:: INPUT

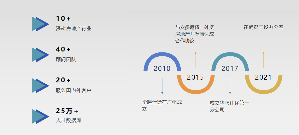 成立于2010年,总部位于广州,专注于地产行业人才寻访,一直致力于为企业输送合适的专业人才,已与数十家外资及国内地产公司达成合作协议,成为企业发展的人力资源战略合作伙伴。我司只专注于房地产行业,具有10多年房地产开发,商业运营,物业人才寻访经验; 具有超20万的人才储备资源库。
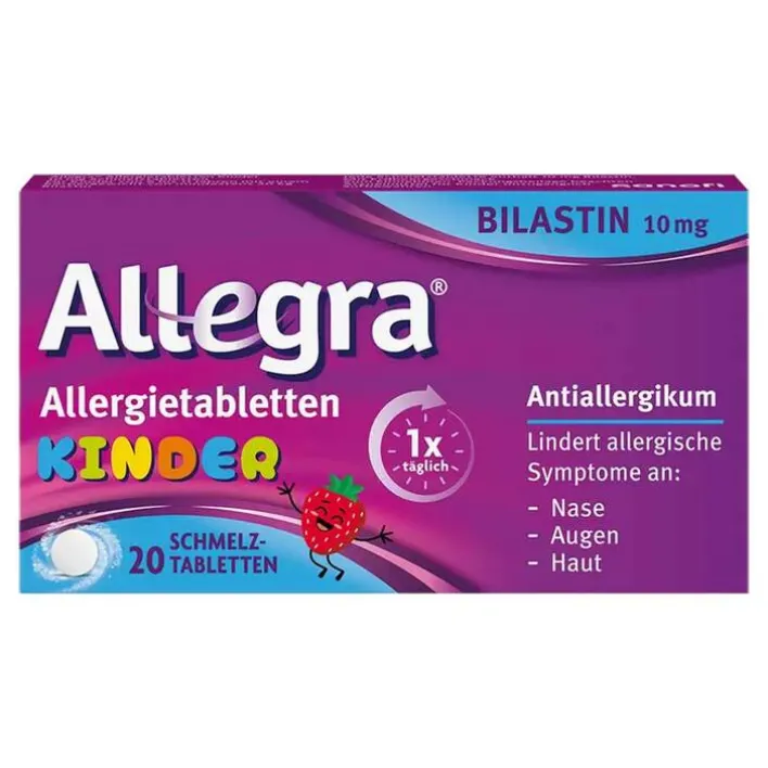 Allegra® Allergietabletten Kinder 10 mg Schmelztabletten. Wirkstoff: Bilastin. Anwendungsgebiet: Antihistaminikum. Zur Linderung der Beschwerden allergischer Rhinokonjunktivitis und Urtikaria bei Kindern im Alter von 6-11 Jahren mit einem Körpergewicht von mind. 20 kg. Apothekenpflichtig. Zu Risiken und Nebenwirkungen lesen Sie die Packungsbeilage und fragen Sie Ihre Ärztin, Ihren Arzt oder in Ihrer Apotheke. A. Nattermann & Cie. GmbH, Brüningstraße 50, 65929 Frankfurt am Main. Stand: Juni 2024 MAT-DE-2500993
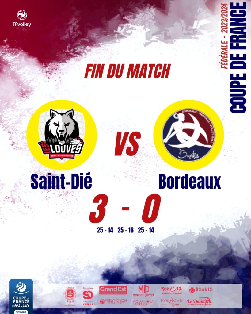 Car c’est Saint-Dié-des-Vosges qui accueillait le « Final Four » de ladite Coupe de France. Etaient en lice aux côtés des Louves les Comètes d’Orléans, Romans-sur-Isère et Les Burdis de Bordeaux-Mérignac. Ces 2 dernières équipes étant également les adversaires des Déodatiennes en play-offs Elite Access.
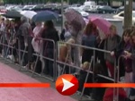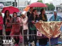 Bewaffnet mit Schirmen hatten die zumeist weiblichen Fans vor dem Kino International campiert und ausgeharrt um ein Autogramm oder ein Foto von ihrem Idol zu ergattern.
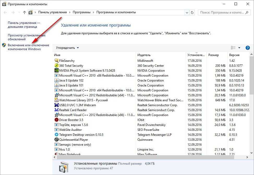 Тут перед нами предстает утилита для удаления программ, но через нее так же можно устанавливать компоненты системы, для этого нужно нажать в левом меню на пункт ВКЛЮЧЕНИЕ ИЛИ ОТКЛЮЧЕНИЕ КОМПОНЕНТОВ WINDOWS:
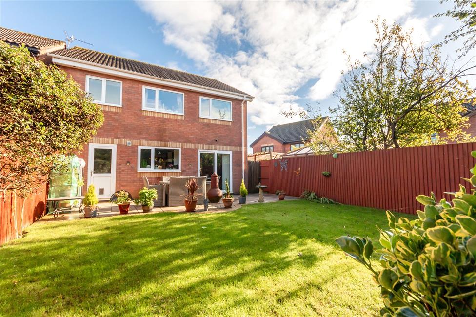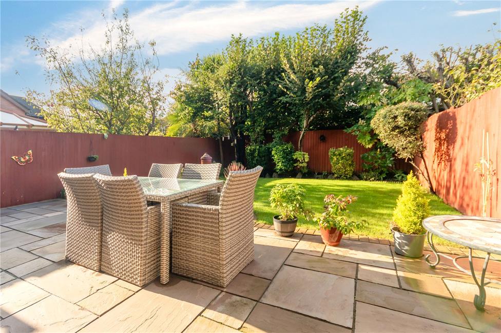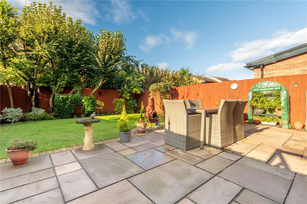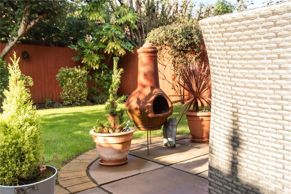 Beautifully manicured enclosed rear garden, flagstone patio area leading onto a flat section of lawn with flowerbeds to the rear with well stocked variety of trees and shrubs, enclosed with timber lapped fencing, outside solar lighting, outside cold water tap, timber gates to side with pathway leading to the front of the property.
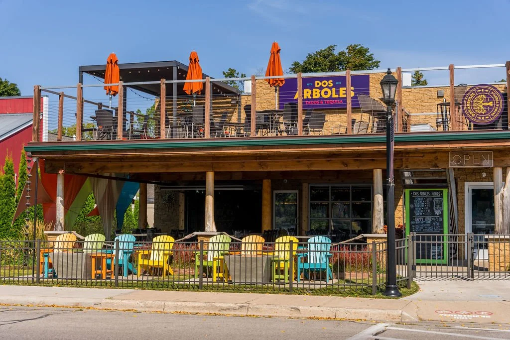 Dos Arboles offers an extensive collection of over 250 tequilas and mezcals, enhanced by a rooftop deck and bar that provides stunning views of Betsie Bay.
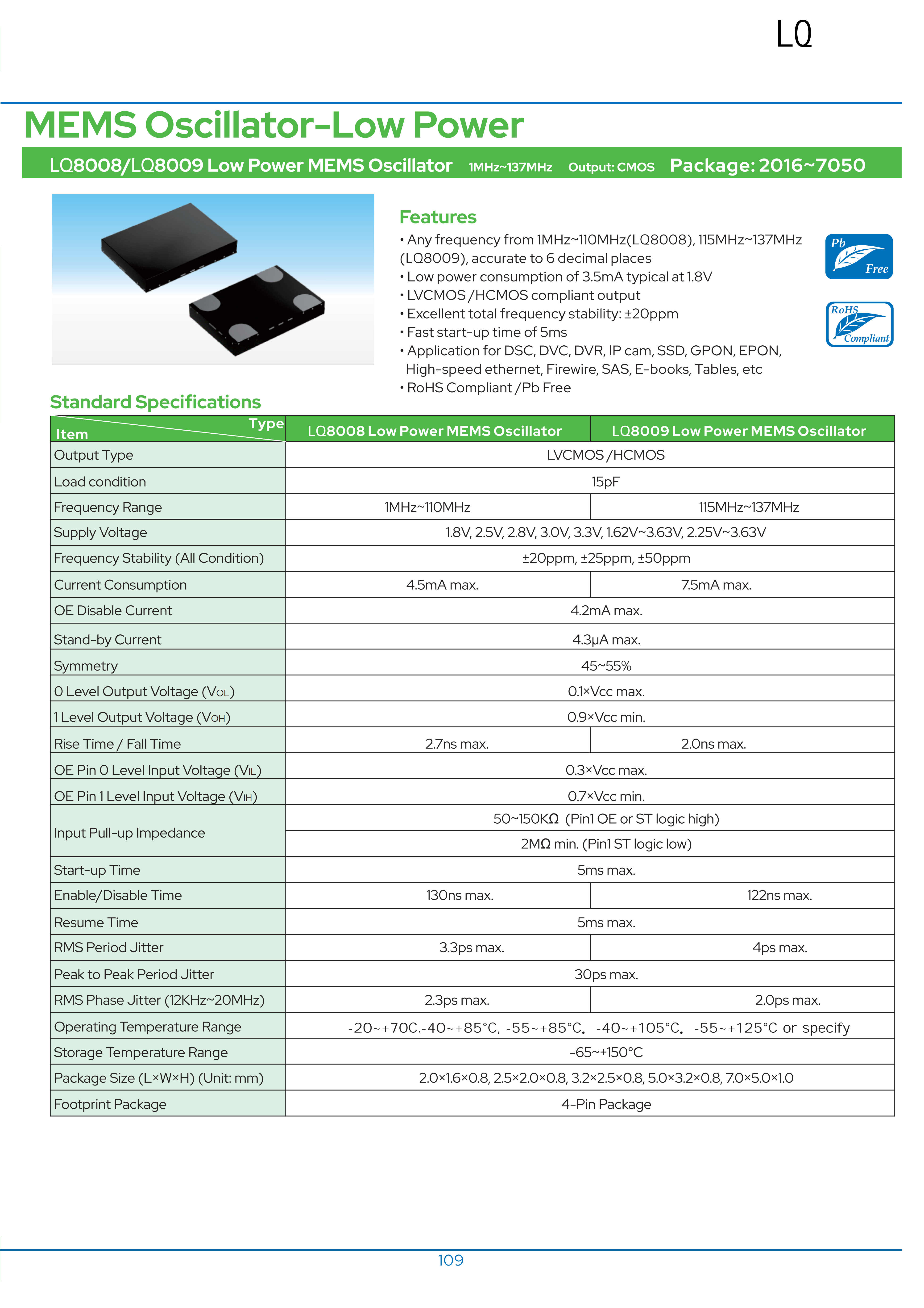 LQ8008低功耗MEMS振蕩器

::::

TASK DESCRIPTION:
Up to and including the line containing "Beautifully manicured enclosed", repeat every line from the start of the data, but none of the pictures.

OUTPUT BELOW:
 成立于2010年,总部位于广州,专注于地产行业人才寻访,一直致力于为企业输送合适的专业人才,已与数十家外资及国内地产公司达成合作协议,成为企业发展的人力资源战略合作伙伴。我司只专注于房地产行业,具有10多年房地产开发,商业运营,物业人才寻访经验; 具有超20万的人才储备资源库。
 Allegra® Allergietabletten Kinder 10 mg Schmelztabletten. Wirkstoff: Bilastin. Anwendungsgebiet: Antihistaminikum. Zur Linderung der Beschwerden allergischer Rhinokonjunktivitis und Urtikaria bei Kindern im Alter von 6-11 Jahren mit einem Körpergewicht von mind. 20 kg. Apothekenpflichtig. Zu Risiken und Nebenwirkungen lesen Sie die Packungsbeilage und fragen Sie Ihre Ärztin, Ihren Arzt oder in Ihrer Apotheke. A. Nattermann & Cie. GmbH, Brüningstraße 50, 65929 Frankfurt am Main. Stand: Juni 2024 MAT-DE-2500993
 Car c’est Saint-Dié-des-Vosges qui accueillait le « Final Four » de ladite Coupe de France. Etaient en lice aux côtés des Louves les Comètes d’Orléans, Romans-sur-Isère et Les Burdis de Bordeaux-Mérignac. Ces 2 dernières équipes étant également les adversaires des Déodatiennes en play-offs Elite Access.
 Bewaffnet mit Schirmen hatten die zumeist weiblichen Fans vor dem Kino International campiert und ausgeharrt um ein Autogramm oder ein Foto von ihrem Idol zu ergattern.
 Тут перед нами предстает утилита для удаления программ, но через нее так же можно устанавливать компоненты системы, для этого нужно нажать в левом меню на пункт ВКЛЮЧЕНИЕ ИЛИ ОТКЛЮЧЕНИЕ КОМПОНЕНТОВ WINDOWS:
 Beautifully manicured enclosed rear garden, flagstone patio area leading onto a flat section of lawn with flowerbeds to the rear with well stocked variety of trees and shrubs, enclosed with timber lapped fencing, outside solar lighting, outside cold water tap, timber gates to side with pathway leading to the front of the property.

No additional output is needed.